Winston’s camp denied the allegation, issuing a statement that “the driver was confused as to the number of passengers in the car and who was sitting next to her.”
That denial was followed by a statement from Darby, who in response to the BuzzFeed News story, said he was a passenger in the car: “There were three of us in the car, not just one as has been reported. Myself and Jameis were in the backseat. I am confident that nothing inappropriate in nature happened in the car that evening and Jameis did not have any physical contact with the Uber driver. The accusations are just not true.”
Darby didn’t name the third person, Banks. But Darby’s and Winston’s statements effectively would put Banks in the front seat for the 2 a.m. ride from the club.
Banks is serving 15 years in prison after being found guilty of aggravated rape and aggravated sexual battery in June 2017 for his role in the gang rape of a female Vanderbilt student in June 2013.
Scruggs said any implication that Banks was the front-seat passenger is false.

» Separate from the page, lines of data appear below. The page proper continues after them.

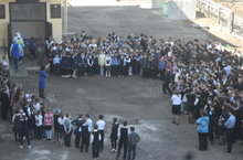 В школе прозвучала учебная тревога. Все ученики и сотрудники школы эвакуировались в положенное время.
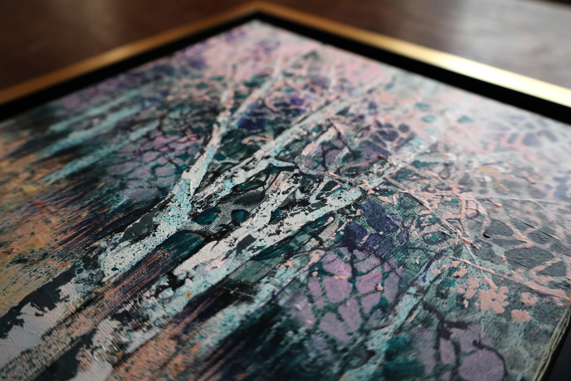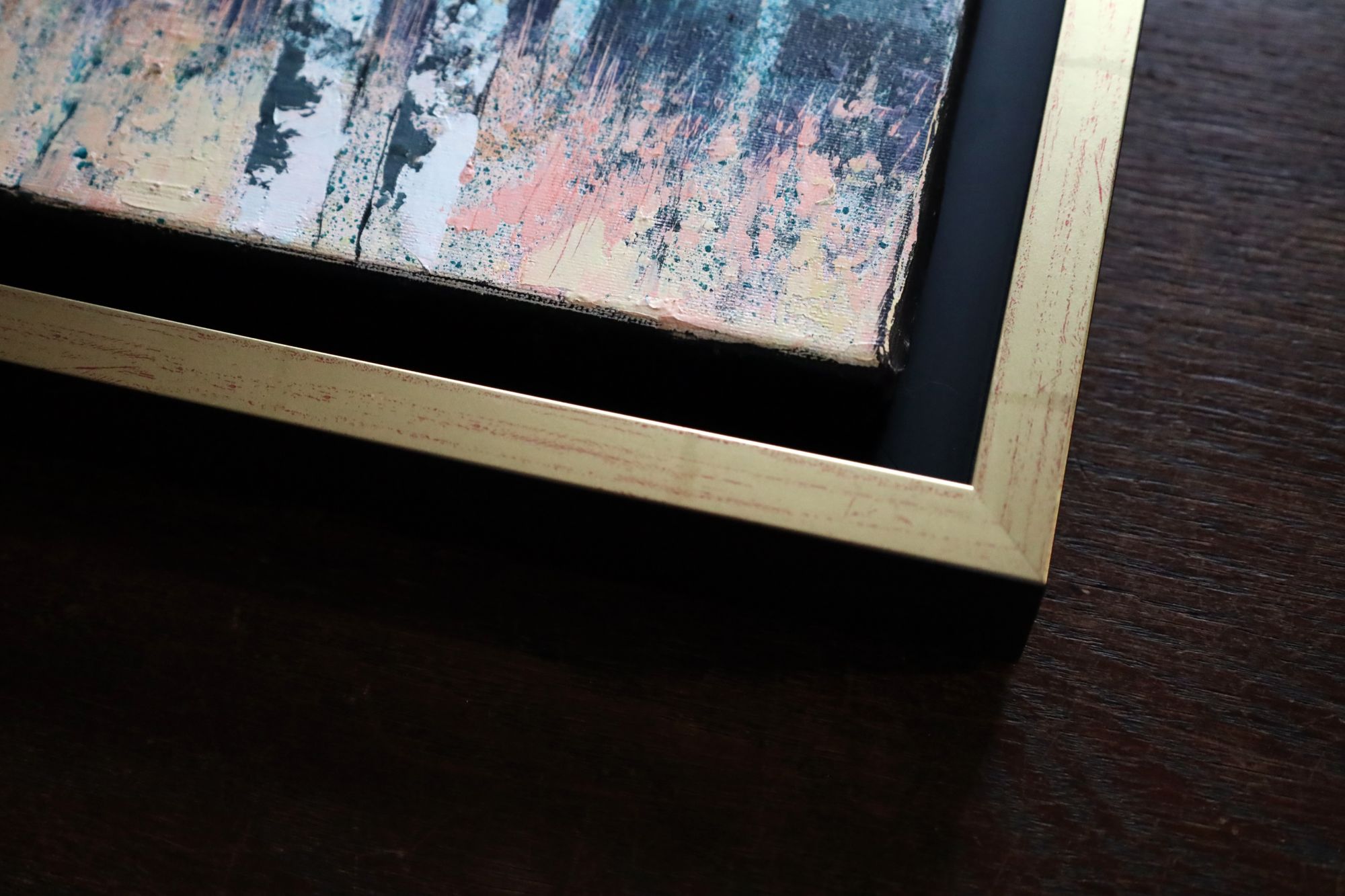 Obraz jest oprawiony w drewnianą ramę typu american box ze złotym wykończeniem, wnętrze i bok czarny mat. Obraz jest sprzedawany w oprawie.
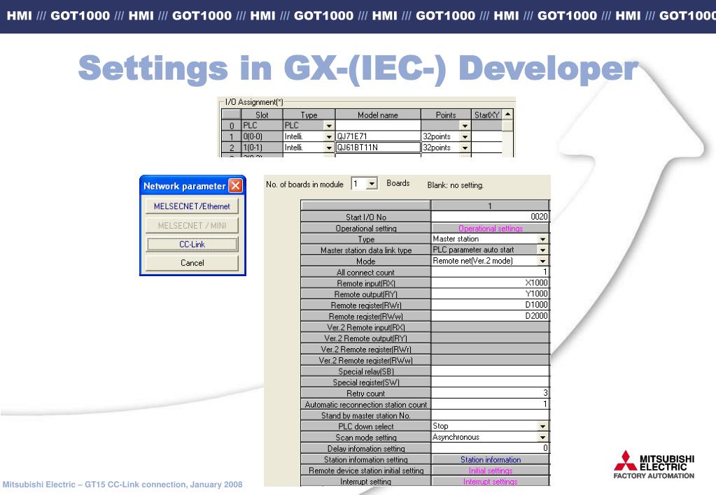 CC-Link connection GT15 (GT15-J61BT13) to System Q (QJ61BT11N). CC-Link connection. OS transfer: communication driver. 1. Select „OS Install -> GOT“. 2. Select „CC-Link Ver.2“ communication driver. 3. Press „Install“. Communication Settings in GT Designer. 1. Select desired channel number.
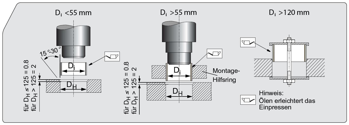 Mit ihrem einteiligen, kompakten Aufbau lassen sich die Gleitlagerbuchsen im Vergleich zu beispielsweise Wälzlagern oder anderen Lagermodulen sehr einfach im Gehäuse montieren. Beim Einbau sind Sachkenntnis und Sorgfalt unerlässlich, um eine lange Lebensdauer der Lager zu gewährleisten.

“Brandon was never in the car with this victim,” Scruggs told Outside the Lines. He said Banks told him that the three men had taken an Uber together earlier in the evening with a different female driver before partying together. “They were two different events, two different Uber drivers,” Scruggs said.
The NFL began investigating the Uber allegations after the BuzzFeed News story was published.
Banks did not speak to the NFL as part of its investigation, Scruggs said, though Scruggs said league representatives tried to interview him in prison several months ago. Banks, who is awaiting a ruling on an appeal of his sexual assault conviction, told them he would not talk to them without Scruggs present. Scruggs said no one from the NFL had reached out to him before the visit nor did anyone from the NFL contact him afterward.
“Obviously, the NFL did not rely upon anything Banks said,” in making a decision, Scruggs said.
Darby’s agent did not respond to messages, and a spokesman for the Eagles said Darby was unlikely to comment Friday.
Darby’s statement vouching for Winston was the second time he had publicly come to the defense of his friend and former Florida State teammate. After Winston was accused of having sexually assaulted fellow student Erica Kinsman in December 2012 while at Florida State, Darby and fellow teammate Chris Casher provided criminal investigators with affidavits indicating that they saw Winston having consensual sex with Kinsman.
Tallahassee police investigated the allegations and were widely criticized for sitting on the report and not collecting certain evidence until a media request in fall 2013 prompted the department to turn the case over to prosecutors, who determined they did not have enough evidence to charge the then-FSU quarterback. Winston was not suspended from the school or disciplined by the football team for the incident. Winston was disciplined over a separate incident, in September 2014, for standing on a table inside the university’s student union and shouting a sexually explicit internet meme.
Florida State also investigated Darby and Casher. Casher admitted to police that he took a video recording of the encounter between Winston and the woman but had deleted it from his phone. The university’s investigation found Casher responsible for two code-of-conduct violations but did not find Darby responsible.
Kinsman told her story and revealed her identity in “The Hunting Ground,” a 2015 documentary about campus sexual assault, which also had information about another sexual assault allegation against Winston that did not result in criminal charges. The female Uber driver, Kate, decided to come forward with her story in part after watching the documentary, sources told ESPN.
A spokeswoman for Winston said Friday afternoon that the NFL had yet to inform him of any suspension, and she said she could not comment on the information from Banks or any aspect of the investigation.